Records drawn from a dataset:
──────
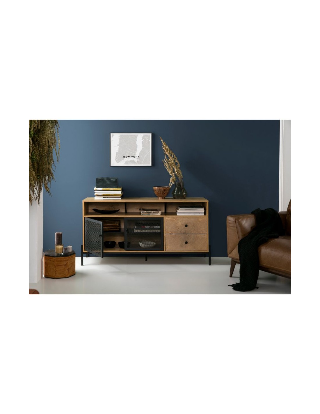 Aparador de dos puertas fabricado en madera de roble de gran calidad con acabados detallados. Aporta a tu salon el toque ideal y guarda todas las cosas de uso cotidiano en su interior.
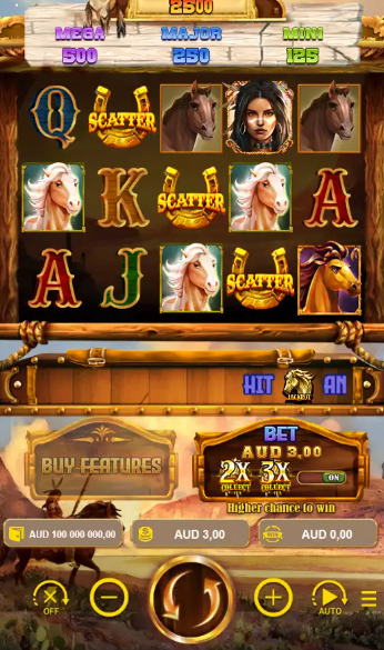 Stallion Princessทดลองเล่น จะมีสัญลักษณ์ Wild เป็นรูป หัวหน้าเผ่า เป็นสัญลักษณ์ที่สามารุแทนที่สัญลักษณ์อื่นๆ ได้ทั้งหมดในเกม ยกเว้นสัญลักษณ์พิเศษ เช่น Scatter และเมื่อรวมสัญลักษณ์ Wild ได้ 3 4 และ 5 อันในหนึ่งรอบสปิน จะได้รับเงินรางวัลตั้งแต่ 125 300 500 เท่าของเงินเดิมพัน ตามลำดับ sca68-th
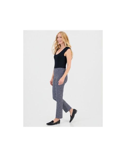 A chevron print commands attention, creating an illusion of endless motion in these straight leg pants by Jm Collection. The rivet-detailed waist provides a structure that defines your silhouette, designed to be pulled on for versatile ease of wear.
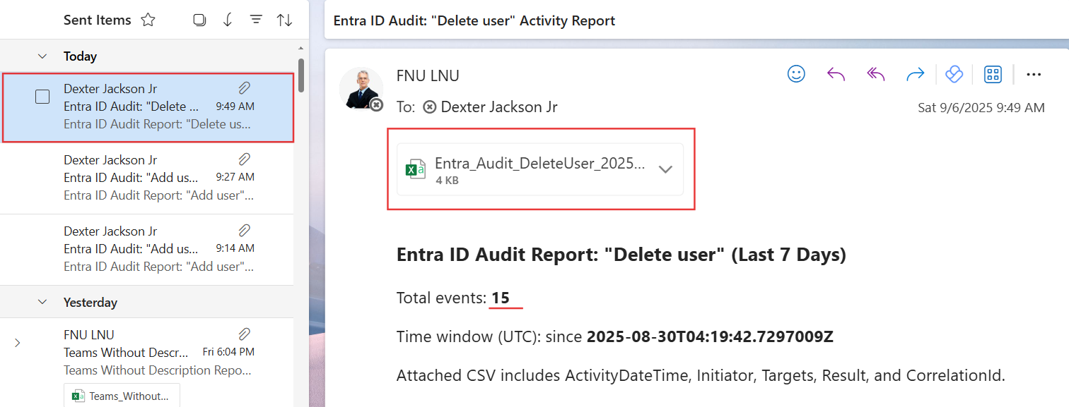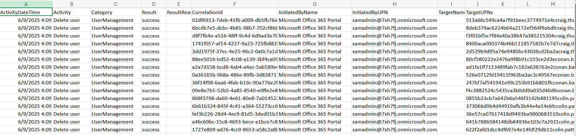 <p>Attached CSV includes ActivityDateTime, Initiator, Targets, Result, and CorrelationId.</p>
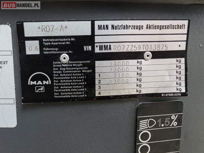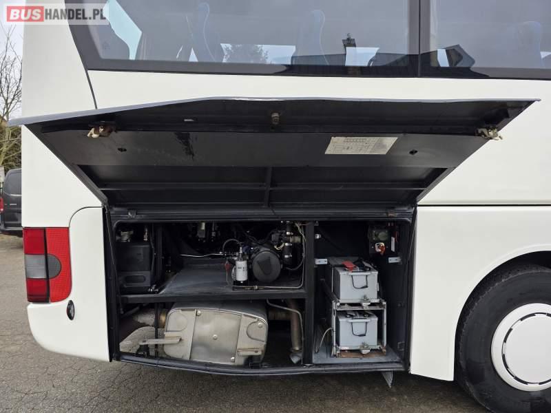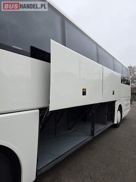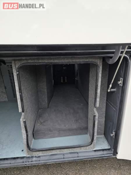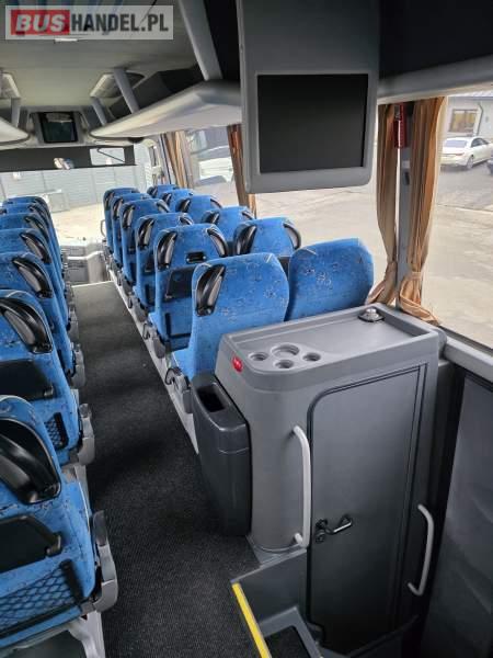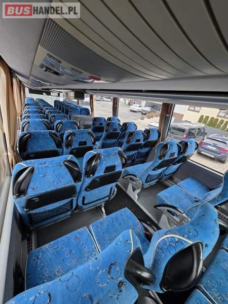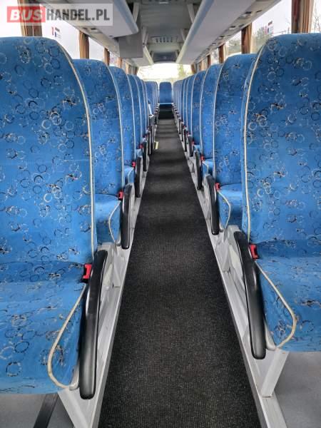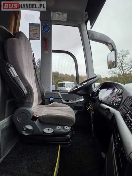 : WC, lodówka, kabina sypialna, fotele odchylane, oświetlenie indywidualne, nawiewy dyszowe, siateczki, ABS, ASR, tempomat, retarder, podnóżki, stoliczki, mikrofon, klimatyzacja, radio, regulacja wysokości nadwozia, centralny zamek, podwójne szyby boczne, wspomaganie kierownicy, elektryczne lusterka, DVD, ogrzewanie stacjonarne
──────
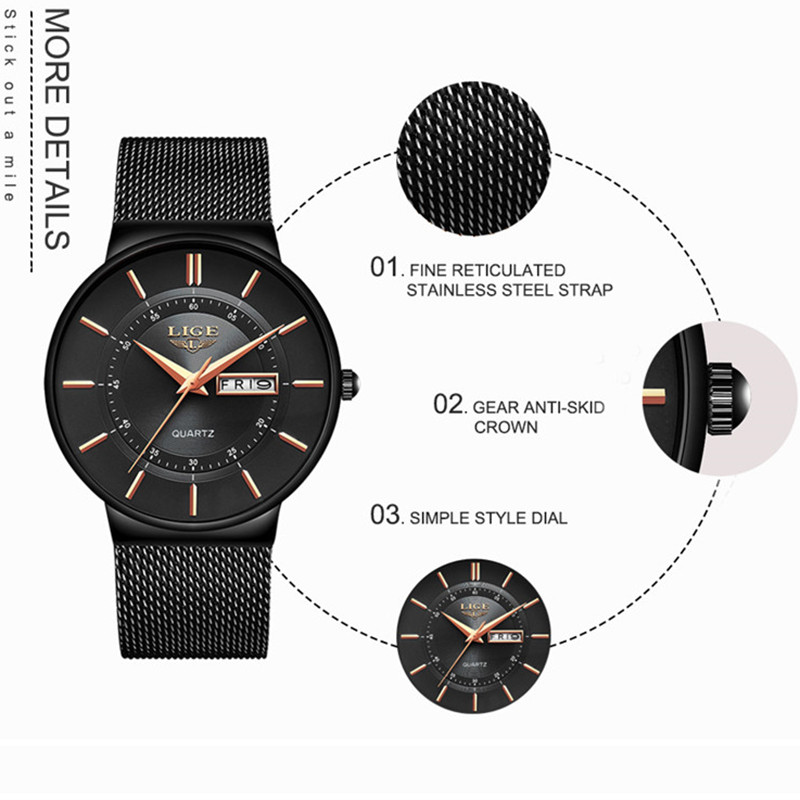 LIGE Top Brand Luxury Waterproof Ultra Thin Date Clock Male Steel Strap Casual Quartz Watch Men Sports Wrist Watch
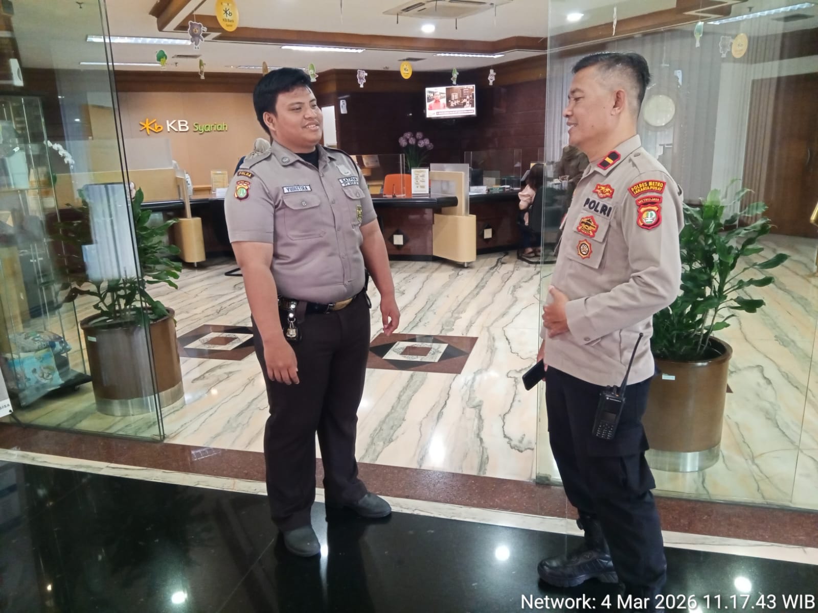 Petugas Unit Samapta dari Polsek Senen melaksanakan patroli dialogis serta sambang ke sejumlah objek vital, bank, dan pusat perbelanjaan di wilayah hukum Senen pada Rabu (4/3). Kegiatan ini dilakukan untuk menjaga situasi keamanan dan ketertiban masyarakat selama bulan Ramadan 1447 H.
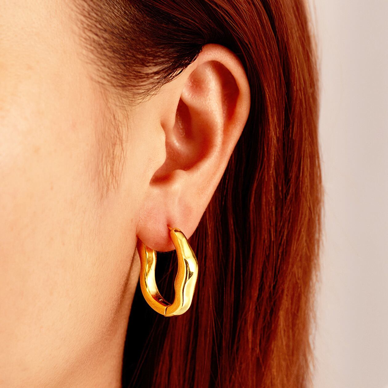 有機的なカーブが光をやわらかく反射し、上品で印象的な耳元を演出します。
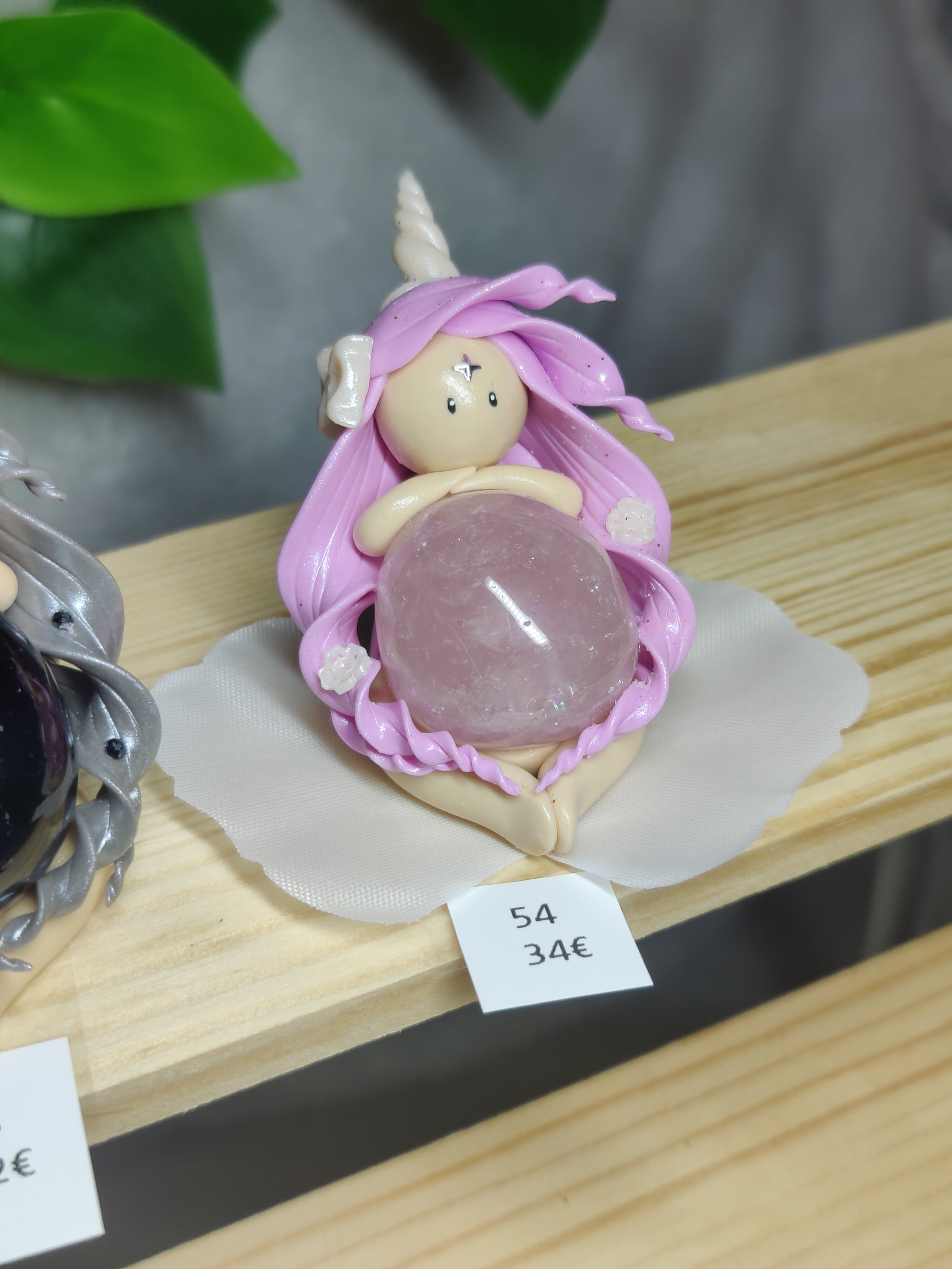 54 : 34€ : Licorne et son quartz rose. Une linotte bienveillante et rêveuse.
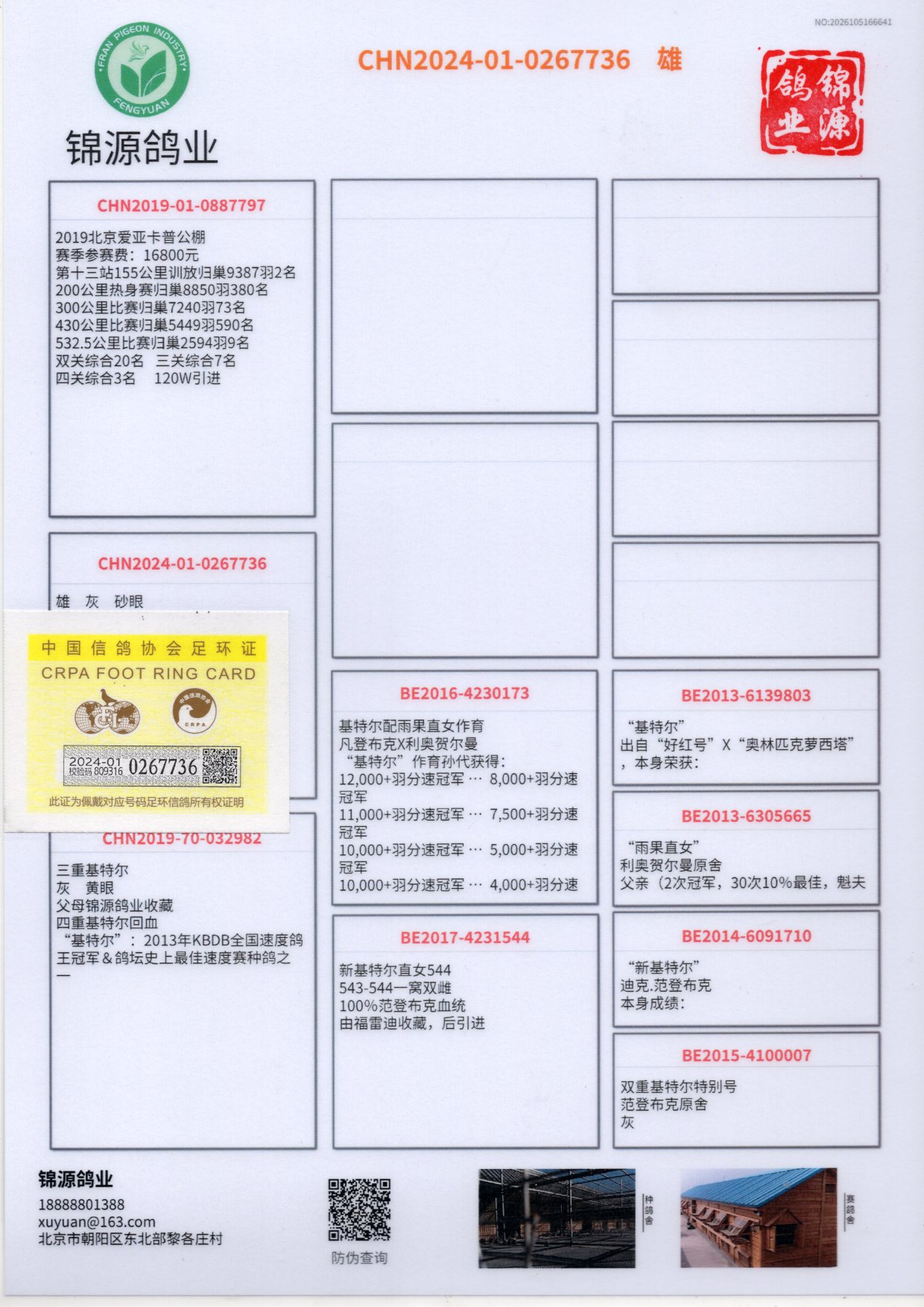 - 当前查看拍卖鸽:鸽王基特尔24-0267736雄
──────
What you return must match the lines above from the one with "Petugas Unit Samapta" through the one with "- 当前查看拍卖鸽:鸽王基特尔24-0267736雄" exactly, with both ends included and the pictures excluded.

 Petugas Unit Samapta dari Polsek Senen melaksanakan patroli dialogis serta sambang ke sejumlah objek vital, bank, dan pusat perbelanjaan di wilayah hukum Senen pada Rabu (4/3). Kegiatan ini dilakukan untuk menjaga situasi keamanan dan ketertiban masyarakat selama bulan Ramadan 1447 H.
 有機的なカーブが光をやわらかく反射し、上品で印象的な耳元を演出します。
 54 : 34€ : Licorne et son quartz rose. Une linotte bienveillante et rêveuse.
 - 当前查看拍卖鸽:鸽王基特尔24-0267736雄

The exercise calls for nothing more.